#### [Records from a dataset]
+ + + + +

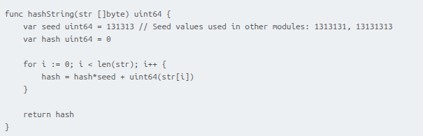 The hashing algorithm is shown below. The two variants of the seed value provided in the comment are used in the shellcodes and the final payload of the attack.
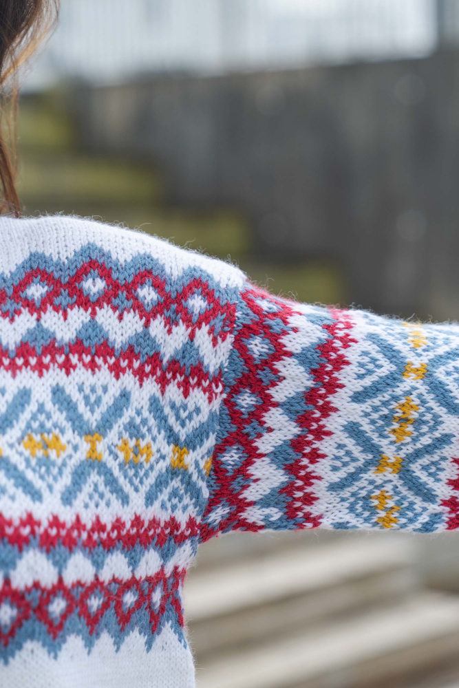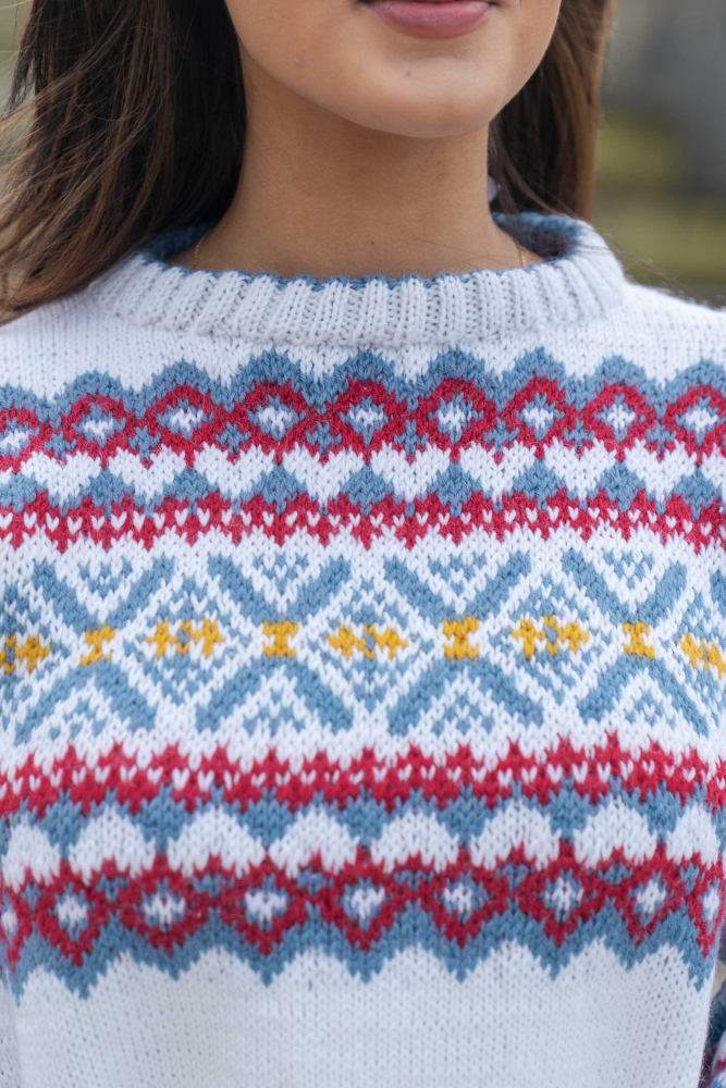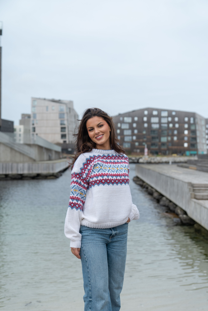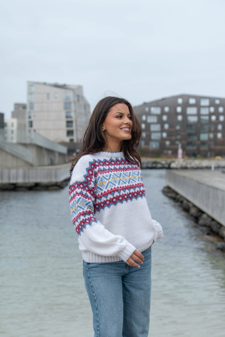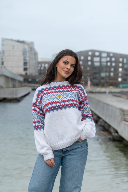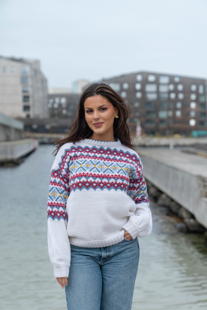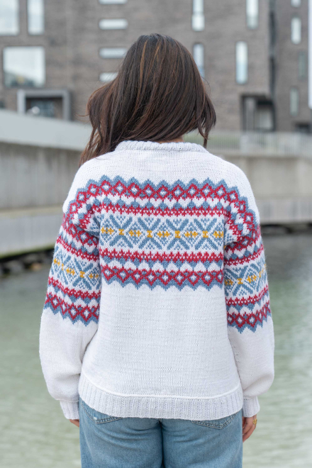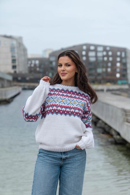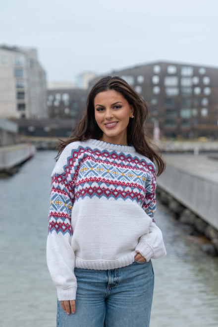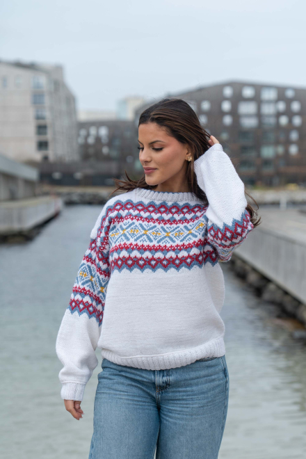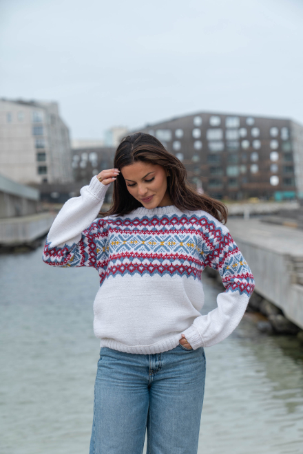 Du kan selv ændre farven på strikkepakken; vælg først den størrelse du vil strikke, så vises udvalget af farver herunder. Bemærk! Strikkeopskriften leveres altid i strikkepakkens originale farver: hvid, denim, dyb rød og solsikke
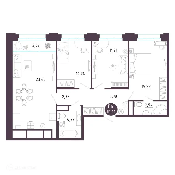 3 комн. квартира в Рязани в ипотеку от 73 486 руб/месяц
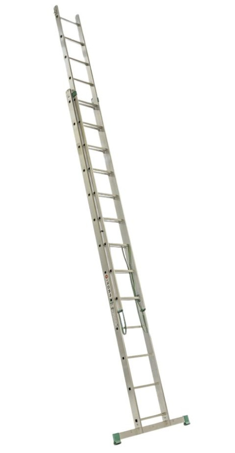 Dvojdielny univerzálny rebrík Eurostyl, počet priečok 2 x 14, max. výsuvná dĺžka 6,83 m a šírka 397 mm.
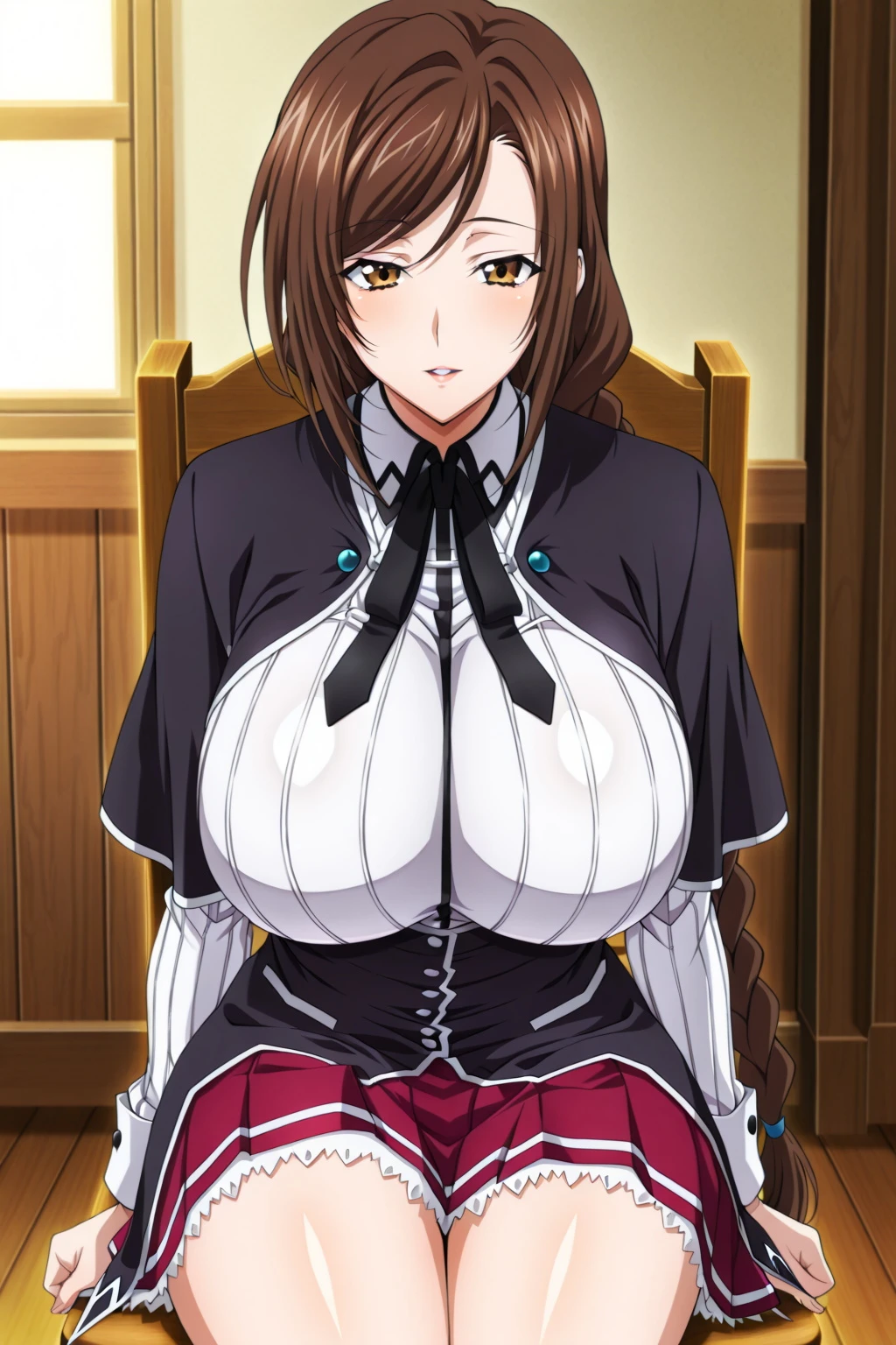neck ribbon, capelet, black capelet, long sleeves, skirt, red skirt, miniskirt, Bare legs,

+ + + + +

#### [Task goal]
An exact reproduction of the data is needed, with no pictures included.

#### [Task solution]
 The hashing algorithm is shown below. The two variants of the seed value provided in the comment are used in the shellcodes and the final payload of the attack.
 Du kan selv ændre farven på strikkepakken; vælg først den størrelse du vil strikke, så vises udvalget af farver herunder. Bemærk! Strikkeopskriften leveres altid i strikkepakkens originale farver: hvid, denim, dyb rød og solsikke
 3 комн. квартира в Рязани в ипотеку от 73 486 руб/месяц
 Dvojdielny univerzálny rebrík Eurostyl, počet priečok 2 x 14, max. výsuvná dĺžka 6,83 m a šírka 397 mm.
neck ribbon, capelet, black capelet, long sleeves, skirt, red skirt, miniskirt, Bare legs,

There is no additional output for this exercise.